In Q&A, she clarifies that her training data comes from classical archives of MIDI submissions spanning a broad set of famous composers (e.g., Beethoven sonatas and the full set of Chopin), and that violin-focused datasets were smaller, affecting experimentation. She also discusses future directions: incorporating music theory constraints (like thirds and scales), training on mixtures of composers for fine-tuning toward quirky blends (e.g., Chopin plus jazz), and improving representations or modeling strategies to capture themes that evolve across repetitions rather than looping into longer, disconnected ideas.
Cornell Notes
Christine Payne treats music generation as a language-model problem: once a model can predict the next token, generation becomes iterative. The key challenge is defining tokens that represent polyphony and time. She proposes two encodings: chord-wise encoding uses a multi-hot 88-key representation per time step (with an effective vocabulary around 55,000 note combinations in classical piano), while note-wise encoding models notes sequentially with a smaller vocabulary and better support for longer note durations. Human evaluation in a “guess human vs AI” task suggests participants struggle to tell AI from human music. The remaining gap is long-term structure—outputs often sound coherent only for the first 30–60 seconds, then drift.
Why does language-model-style generation require special music encodings?
How does chord-wise encoding represent simultaneous notes, and what vocabulary size does it imply?
What problem does note-wise encoding address, and why is it useful for longer notes?
What does the human evaluation suggest about the quality of generated music?
What limitation persists even when early generations sound good?
What trade-off appears between memorization and novelty in chord-wise encoding?
Review Questions
- How do chord-wise and note-wise encodings differ in how they represent time steps and polyphony?
- What evidence from the human evaluation supports the claim that the generated music is hard to distinguish from human work?

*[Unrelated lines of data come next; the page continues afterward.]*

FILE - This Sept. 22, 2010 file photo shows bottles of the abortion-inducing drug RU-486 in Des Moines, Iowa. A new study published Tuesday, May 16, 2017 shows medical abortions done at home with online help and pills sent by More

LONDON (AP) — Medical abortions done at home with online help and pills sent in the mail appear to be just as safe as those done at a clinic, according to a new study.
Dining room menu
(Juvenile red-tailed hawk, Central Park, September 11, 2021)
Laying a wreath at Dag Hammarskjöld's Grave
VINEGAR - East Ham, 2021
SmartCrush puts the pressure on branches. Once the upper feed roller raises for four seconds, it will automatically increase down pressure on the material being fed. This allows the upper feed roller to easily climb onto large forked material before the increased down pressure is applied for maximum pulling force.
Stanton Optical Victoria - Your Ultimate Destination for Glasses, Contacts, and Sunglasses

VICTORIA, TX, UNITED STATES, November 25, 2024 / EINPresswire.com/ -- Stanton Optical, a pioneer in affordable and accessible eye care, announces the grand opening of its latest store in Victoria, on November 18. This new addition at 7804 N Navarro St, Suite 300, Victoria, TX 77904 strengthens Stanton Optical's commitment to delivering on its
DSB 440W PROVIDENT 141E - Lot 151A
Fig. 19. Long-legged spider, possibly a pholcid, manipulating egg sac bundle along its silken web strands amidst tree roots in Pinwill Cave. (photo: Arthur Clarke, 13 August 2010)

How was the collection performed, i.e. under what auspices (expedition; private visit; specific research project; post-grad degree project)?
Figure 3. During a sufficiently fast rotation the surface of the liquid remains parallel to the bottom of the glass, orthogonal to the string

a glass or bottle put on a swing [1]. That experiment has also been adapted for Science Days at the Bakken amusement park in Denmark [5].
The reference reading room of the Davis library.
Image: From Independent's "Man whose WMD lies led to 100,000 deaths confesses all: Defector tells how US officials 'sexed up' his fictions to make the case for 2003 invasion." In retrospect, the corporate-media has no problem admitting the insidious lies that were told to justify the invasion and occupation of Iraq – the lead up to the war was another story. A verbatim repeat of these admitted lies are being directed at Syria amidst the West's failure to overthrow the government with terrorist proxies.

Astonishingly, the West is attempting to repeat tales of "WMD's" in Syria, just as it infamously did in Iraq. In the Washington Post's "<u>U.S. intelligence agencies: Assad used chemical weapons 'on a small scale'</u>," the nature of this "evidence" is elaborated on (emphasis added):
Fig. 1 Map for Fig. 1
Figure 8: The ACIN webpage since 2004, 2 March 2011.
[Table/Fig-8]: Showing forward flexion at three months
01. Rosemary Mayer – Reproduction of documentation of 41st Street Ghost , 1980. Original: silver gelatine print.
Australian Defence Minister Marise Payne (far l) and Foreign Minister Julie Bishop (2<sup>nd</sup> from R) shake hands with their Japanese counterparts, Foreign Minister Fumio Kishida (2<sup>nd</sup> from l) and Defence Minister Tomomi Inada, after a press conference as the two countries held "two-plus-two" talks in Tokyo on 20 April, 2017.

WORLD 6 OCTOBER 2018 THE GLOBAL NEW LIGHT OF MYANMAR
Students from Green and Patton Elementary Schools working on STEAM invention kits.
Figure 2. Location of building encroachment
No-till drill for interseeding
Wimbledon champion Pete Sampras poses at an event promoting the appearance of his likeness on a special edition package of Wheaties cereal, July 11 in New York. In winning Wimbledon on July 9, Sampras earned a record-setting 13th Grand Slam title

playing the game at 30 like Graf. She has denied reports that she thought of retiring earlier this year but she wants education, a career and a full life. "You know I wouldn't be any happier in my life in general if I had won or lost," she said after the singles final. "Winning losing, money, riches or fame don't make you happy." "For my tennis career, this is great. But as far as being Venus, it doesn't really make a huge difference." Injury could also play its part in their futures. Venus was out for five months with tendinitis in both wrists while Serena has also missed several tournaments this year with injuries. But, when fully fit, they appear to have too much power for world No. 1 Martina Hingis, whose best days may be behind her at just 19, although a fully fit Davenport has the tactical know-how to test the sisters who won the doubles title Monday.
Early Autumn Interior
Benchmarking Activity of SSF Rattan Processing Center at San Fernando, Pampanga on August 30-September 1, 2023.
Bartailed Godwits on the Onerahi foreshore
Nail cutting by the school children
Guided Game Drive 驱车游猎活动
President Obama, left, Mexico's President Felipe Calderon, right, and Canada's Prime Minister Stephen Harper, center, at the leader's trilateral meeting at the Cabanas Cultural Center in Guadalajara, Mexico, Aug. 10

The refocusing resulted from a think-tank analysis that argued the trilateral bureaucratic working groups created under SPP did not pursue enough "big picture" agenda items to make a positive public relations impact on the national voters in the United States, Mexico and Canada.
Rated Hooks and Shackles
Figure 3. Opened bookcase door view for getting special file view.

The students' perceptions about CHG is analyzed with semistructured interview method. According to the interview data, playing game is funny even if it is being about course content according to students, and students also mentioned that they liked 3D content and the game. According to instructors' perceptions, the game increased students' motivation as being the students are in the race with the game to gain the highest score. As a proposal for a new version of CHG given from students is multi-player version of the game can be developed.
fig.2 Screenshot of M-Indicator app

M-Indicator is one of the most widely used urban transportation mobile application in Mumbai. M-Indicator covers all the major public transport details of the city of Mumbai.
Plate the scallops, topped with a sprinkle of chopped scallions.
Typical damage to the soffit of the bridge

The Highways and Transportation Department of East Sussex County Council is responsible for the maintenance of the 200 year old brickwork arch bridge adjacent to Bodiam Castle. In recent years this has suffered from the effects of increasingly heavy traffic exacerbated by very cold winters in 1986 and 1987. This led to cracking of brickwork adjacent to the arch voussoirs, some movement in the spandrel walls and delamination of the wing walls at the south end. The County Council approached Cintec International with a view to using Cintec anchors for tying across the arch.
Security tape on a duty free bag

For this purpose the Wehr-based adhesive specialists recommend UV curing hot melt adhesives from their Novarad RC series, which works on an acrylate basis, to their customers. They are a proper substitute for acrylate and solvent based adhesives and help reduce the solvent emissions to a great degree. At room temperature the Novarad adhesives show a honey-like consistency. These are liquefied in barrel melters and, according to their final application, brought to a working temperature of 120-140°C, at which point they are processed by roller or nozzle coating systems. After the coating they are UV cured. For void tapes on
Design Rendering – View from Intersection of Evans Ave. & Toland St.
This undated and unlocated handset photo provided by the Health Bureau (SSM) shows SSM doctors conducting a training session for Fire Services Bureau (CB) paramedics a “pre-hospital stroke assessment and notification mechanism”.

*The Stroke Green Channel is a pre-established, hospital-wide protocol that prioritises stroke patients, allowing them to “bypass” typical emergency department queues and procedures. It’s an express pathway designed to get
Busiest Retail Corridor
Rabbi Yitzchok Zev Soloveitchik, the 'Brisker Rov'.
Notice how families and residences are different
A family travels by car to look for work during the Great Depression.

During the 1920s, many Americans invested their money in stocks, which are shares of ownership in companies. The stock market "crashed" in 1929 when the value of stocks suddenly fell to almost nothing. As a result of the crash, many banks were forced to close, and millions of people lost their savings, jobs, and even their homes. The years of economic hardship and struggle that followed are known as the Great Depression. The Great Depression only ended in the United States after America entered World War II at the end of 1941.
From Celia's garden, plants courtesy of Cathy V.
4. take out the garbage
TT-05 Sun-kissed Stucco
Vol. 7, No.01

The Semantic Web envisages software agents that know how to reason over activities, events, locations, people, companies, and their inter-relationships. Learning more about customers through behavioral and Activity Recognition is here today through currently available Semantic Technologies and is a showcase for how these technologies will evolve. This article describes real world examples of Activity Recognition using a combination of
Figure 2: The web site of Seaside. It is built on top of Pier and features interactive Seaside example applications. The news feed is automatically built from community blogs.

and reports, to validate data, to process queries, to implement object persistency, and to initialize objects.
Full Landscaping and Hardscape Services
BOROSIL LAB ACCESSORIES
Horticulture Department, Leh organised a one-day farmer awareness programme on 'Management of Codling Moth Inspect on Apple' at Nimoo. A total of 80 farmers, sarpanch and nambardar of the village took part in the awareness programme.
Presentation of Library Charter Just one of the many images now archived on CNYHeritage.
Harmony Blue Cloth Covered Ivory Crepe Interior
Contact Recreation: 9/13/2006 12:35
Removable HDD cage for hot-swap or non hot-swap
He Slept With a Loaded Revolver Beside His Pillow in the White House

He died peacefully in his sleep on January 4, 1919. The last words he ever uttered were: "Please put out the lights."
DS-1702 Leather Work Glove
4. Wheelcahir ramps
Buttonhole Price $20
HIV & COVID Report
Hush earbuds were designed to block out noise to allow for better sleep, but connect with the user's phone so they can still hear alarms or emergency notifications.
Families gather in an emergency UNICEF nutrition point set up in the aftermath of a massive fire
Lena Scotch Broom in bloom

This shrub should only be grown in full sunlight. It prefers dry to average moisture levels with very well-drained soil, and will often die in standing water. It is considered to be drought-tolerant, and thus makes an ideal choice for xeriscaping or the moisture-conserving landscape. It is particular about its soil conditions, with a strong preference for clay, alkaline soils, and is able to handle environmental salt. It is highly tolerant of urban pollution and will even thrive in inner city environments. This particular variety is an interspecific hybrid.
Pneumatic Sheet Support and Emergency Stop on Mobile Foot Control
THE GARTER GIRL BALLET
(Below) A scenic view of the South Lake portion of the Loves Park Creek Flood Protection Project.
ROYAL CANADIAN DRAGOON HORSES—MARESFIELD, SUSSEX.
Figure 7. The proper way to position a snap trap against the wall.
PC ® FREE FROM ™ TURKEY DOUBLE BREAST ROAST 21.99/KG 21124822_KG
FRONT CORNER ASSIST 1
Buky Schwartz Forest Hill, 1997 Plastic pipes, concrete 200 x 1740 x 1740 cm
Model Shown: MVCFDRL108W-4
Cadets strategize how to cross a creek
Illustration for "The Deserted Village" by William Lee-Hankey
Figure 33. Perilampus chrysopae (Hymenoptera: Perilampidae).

- Why does Payne consider long-term structure (beyond 30–60 seconds) the central remaining challenge?
Key Points
- 1
Music generation can be framed as next-token prediction, but success depends on converting musical events into tokens that represent time, polyphony, and duration.
- 2
Chord-wise encoding uses an 88-key multi-hot vector per time step, yielding a manageable effective vocabulary (about 55,000 combinations) for classical piano despite enormous theoretical possibilities.
- 3
Note-wise encoding models notes sequentially with a smaller vocabulary and better support for representing longer-lasting notes, which matters for instruments like the violin.
- 4
Human “human vs AI” guessing results suggest generated outputs can be musically convincing, even though participants struggle to tell them apart reliably.
- 5
The biggest remaining failure mode is long-term structure: generations often sound coherent only for the first 30–60 seconds before drifting.
- 6
Chord-wise encoding can memorize training pieces (e.g., Mozart continuations) but has difficulty producing genuinely novel patterns beyond the training distribution.
- 7
Future improvements include incorporating music-theory constraints and training strategies that blend composers (e.g., Chopin plus jazz) while improving long-range planning.